HC Deb 20 June 1996 vol 279 cc618-20W
Mr. David Porter

To ask the Minister of Agriculture, Fisheries and Food what is the current tonnage of the United Kingdom fishing fleet; how far this is from its targets under the multi-annual guidance programme; and if he will make a statement. [34076]

Mr. Baldry

Latest available figures from the UK register show the current nominal tonnage of the UK fishing fleet as 207,000 tonnes. This figures, which represents some vessels measured in gross registered tonnes and others measured in gross tonnes, compares with an overall target for the end of 1996 in our existing multi-annual guidance programme of 176,981 GRT. Figures published recently by the European Commission, ostensibly using GT units, show us at 247,198 tonnes as against a target of 209,370 tonnes.

For a number of reasons, none of these figures give a correct picture of the actual position.

The first reservation relates to the end 1996 target itself. This was set using provisional data for the size of the UK fleet as at the end of 1991. We now know that this failed to include a significant number of vessels, the effect of which is to overstate the degree of reduction which we need to achieve.

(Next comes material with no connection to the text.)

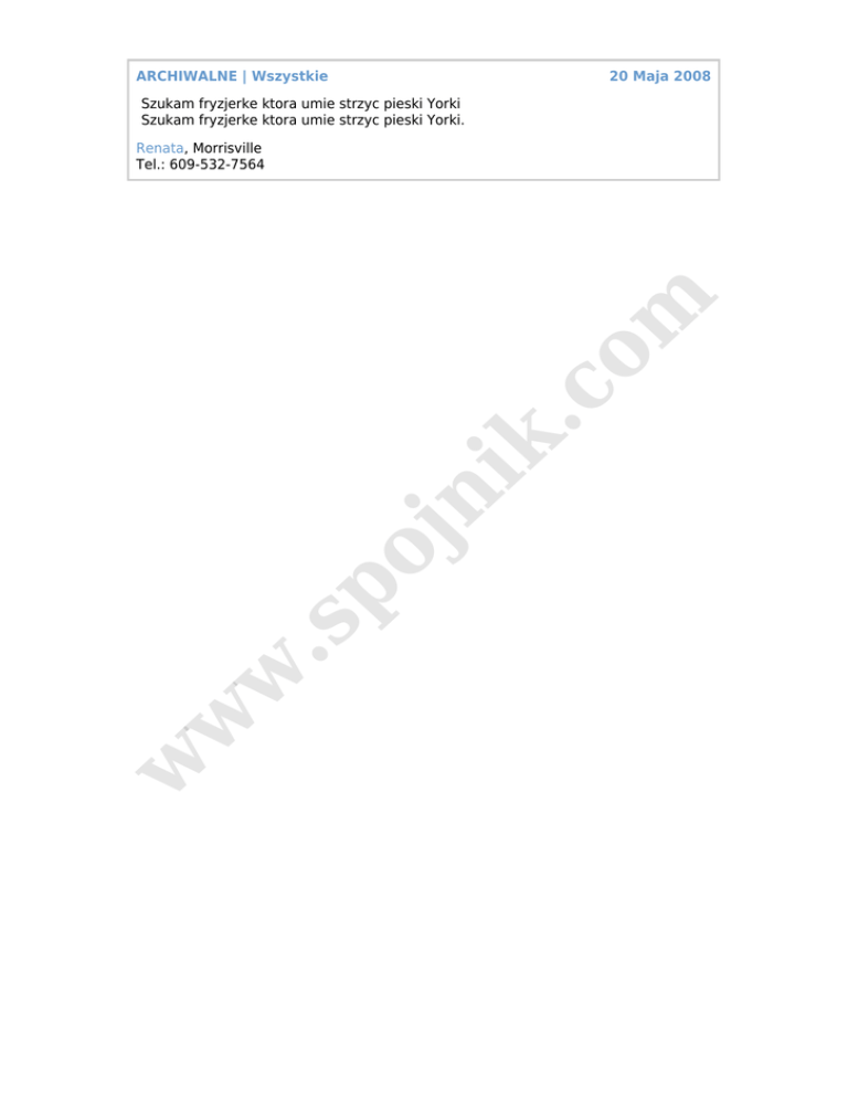 ARCHIWALNE | Wszystkie 20 Maja 2008 Szukam fryzjerke ktora umie strzyc pieski Yorki Szukam fryzjerke ktora umie strzyc pieski Yorki. w w w .s po jn ik .c o m Renata, Morrisville Tel.: 609-532-7564

The second reservation relates to the units of measurement used. Vessel tonnage is a volumetric measure which depends critically on the exact methodology. A valid comparison of fleet tonnage requires a consistent standard for the period in question. Consistency is, however, not readily achievable because the European Community is progressively altering the methodology used for the fishing fleet from the various national and international standards, previously collectively called GRT, to a common standard based on the international tonnage convention 1969 and known as GT. A phased programme of conversion was introduced by Council regulation (EEC) 2930/86, amended in particular by Council regulation (EEC) 3259/94, using technical provisions laid down in Commission decision 95/84/EC. Copies of these instruments are available in the House library. This process is not due to be completed until 2003.

There is no simple mathematical relationship between GRT and GT for any given vessel establishment of a GT figure can be done only by physical measurement or, in the case of smaller vessels, by the application of formulae designed to give an approximation. Moreover, although GT figures are often higher than GRT figures for the same vessel, the range of outcomes can be as low as 50 per cent. or as high as 300 per cent. of the original tonnage according to the individual vessel characteristics. It is therefore impossible to use general assumptions to convert either the end 1996 target, or the current nominal tonnage of our fleet, to a GT basis, since the true result will depend on the actual relationship between GRT and GT for each of the particular vessels included on each occasion. Thus conversion requires consideration of each individual vessel.

The Commission's attempted conversion in their recent published figures noted above, does not allow for this and does not use procedures agreed by member states or laid down in EU law. Their figures cannot therefore be properly described as GT, nor can the relationship between them be assumed to be proportional to actual progress in reducing our fleet.

Detailed work is being carried out to arrive at an accurate assessment of the UK position—similar uncertainties arise in relation to the figures for other member states. But, because records relating to vessels already removed from the fleet are not always sufficient to enable GT equivalents to be determined, there will necessarily be a degree of imprecision. Similarly, some newer vessels will be measured only in GT and would need to be remeasured to arrive at a GRT figure. As things stand, it is not therefore possible to give a valid comparison of performance against target on either basis.

These and other technical issues such as discrepancies between UK and Commission records of the number of vessels in our fleet, are being discussed bilaterally with the Commission. We are also passing full details of our calculations to it so that agreement can be reached on appropriate adjustments. The total impact of this technical review is quite substantial. Once completed and agreed, I anticipate we shall be within a handful of percentage points of our tonnage target.